Matteo Musumeci
al Teatro Brancati di Catania
Musicista oramai affermato nel panorama europeo, Matteo Musumeci ogni qualvolta ascoltiamo un suo concerto ci sorprende sempre con nuove ed originali melodie, nuove ed originali elaborazioni ritmiche, nuovi ed originali impasti sonori che nulla hanno da invidiare ad i più agguerriti ed esperti compositori di musica moderna. Il bravo artista catanese pur muovendosi sempre all'interno dei dettami della musica tonale riesce a concepire, progettare ed elaborare con grande nonchalance motivi e temi di una freschezza e di una spontaneità oggi davvero rara. Evitando i contorti intellettualismi della serialità, i molti astrusi acrobatismi dell'atonalità, gli sperimentalismi ed i minimalismi della New Age, Musumeci, che è anche un valente pianista, si torna a proporre come autore che attinge ispirazione dai precordi del cuore, dalla sensiblerie tipicamente mediterranea, diretta, essenziale ed emotivamente pregnante e coinvolgente.
Le sue partiture sono limpide, fluide, levigate, scorrevoli ed allo stesso tempo delicate e tenere. In esse si avverte l'assenza totale di quell'insipido, arido e sterile accademismo che affligge tantissimi, seppur validi, compositori d'oggi, i quali spesso non riescono a creare alcuna empatia con il pubblico, rimanendo chiusi nel loro mondo emotivo, ammesso che ne posseggano uno.
Egli ha così offerto alla gremita platea del teatro Brancati di Catania, il 13 aprile 2011 una gradevolissima performance di sue partiture: la sinfonia senza tempo in La minore Stormy Time (Time one – Time two); la Suite da L'uomo che incontrò se stesso (Piccoli amotri – Aspettando – L'uomo…); la Suite da Classe di ferro (Classe di ferro – il mare – la fuga – Vorrei – Mediterranea); Sud per archi il La minore (Allegro – Molto adagio come una preghiera, Allegro); l'Ouverture da Un siciliano a Parigi; il foglio d'album Claudia; il tango Passo a due; l'Intermezzo dall'opera Aitna e la Suite dall'opera Aitna (Introduzione – Tema di John – Castagno dei cento cavalli – la torre del filosofo – Le grotte – I diavoli – i folletti – John e Aitna – La battaglia fra diavoli e folletti – Finale).
L'orchestra diretta dal maestro Musumeci era formata dagli illustri strumentisti: Gaetano Cristofaro (clarinetti e sassofoni), Alessandro Cortese (primo violino), Emilia Belfiore (secondo violino), Aldo Randazzo (viola), Alessandro Longo (violoncello), Alberto Amato (contrabbasso).

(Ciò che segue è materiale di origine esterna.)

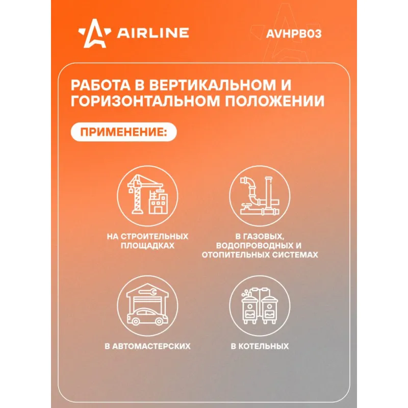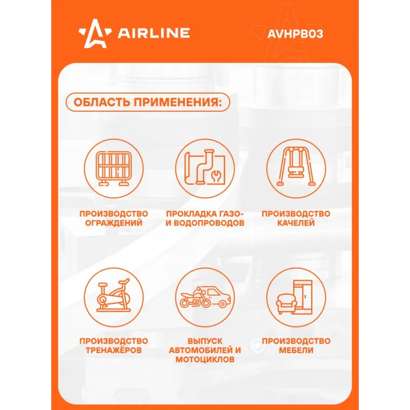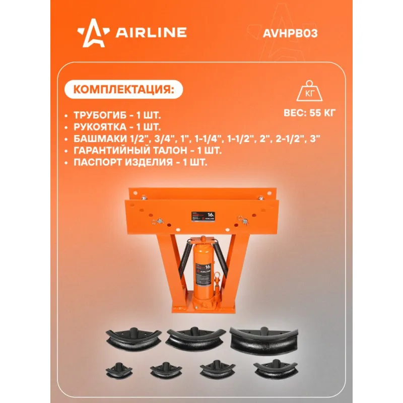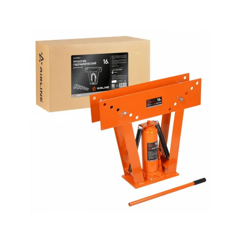 Трубогиб гидравлический 16т, вертикальный, башмаки 8шт. 1/2-3" Описание: AIRLINE Трубогиб 16 т ручной, гидравлический, вертикальный + 8 насадок AVHPB03 Мощность поршня составляет 16 т. Гидравлический трубогиб / профилегиб от бренда AIRLINE AVHPB03 - строительный профессиональный инструмент, предназначен гибки металлических труб разного диаметра. Конструкция трубогиба выполнена из высокопрочной стали, что позволяет ему быть износостойким при эксплуатации. Данная модель не требует от пользователя больших усилий, так как инструмент имеет гидравлический привод. Особенности: - Прочная конструкция. Материалы: сталь, чугун; - Может осуществлять работу в вертикальном и горизонтальном положении. - В комплекте идут насадки / башмаки следующих размеров:1/2", 3/4", 1", 1-1/4", 1-1/2", 2", 2-1/2", 3". - Заводское производство и гарантия от производителя 1 год. ОБЛАСТЬ ПРИМЕНЕНИЯ: - производство ограждений; - прокладка газо- и водопроводов; - производство качелей; - производство тренажёров; - производство мебели; - выпуск автомобилей и мотоциклов; - трубогиб для профильной трубы / для профиля. Универсальный трубогиб нашел свое применение на строительных площадках, в газовых, водопроводных и отопительных системах, автомастерских, в котельных, на территории предприятий, на СТО. Характеристики: Артикул: AVHPB03 Усилие, т: 16 Ход штока, мм: 250 Комплектация: Трубогиб - 1 шт Рукоятка - 1 шт Башмак 1/2" - 1 шт Башмак 3/4" - 1 шт Башмак 1" - 1 шт Башмак 1-1/4" - 1 шт Башмак 1-1/2" - 1 шт Башмак 2" - 1 шт Башмак 2-1/2" - 1 шт Башмак 3" - 1 шт Гарантийный талон - 1 шт Паспорт изделия - 1 шт Коробка - 1 шт Гарантия: от 1 года.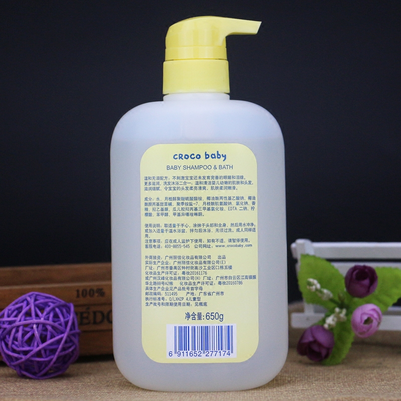 Hong Kong Crocodile Baby Baby Shampoo Body Wash 2-in-1 650g Silicone-Free Oil Gentle Tear-Free Formula

Ottavio Anania, scenografo della Scala di Milano, ha dato vita a tenui e delicatissimi acquarelli, creati estemporaneamente sulle musiche e proiettati su uno schermo posto sul boccascena.
Agli entusiastici e calorosissimi applausi del pubblico il compositore ha risposto con due deliziosi accattivanti e coinvolgenti bis.
Giovanni Pasqualino
17/4/2011
La foto del servizio è di Michele Maccarrone.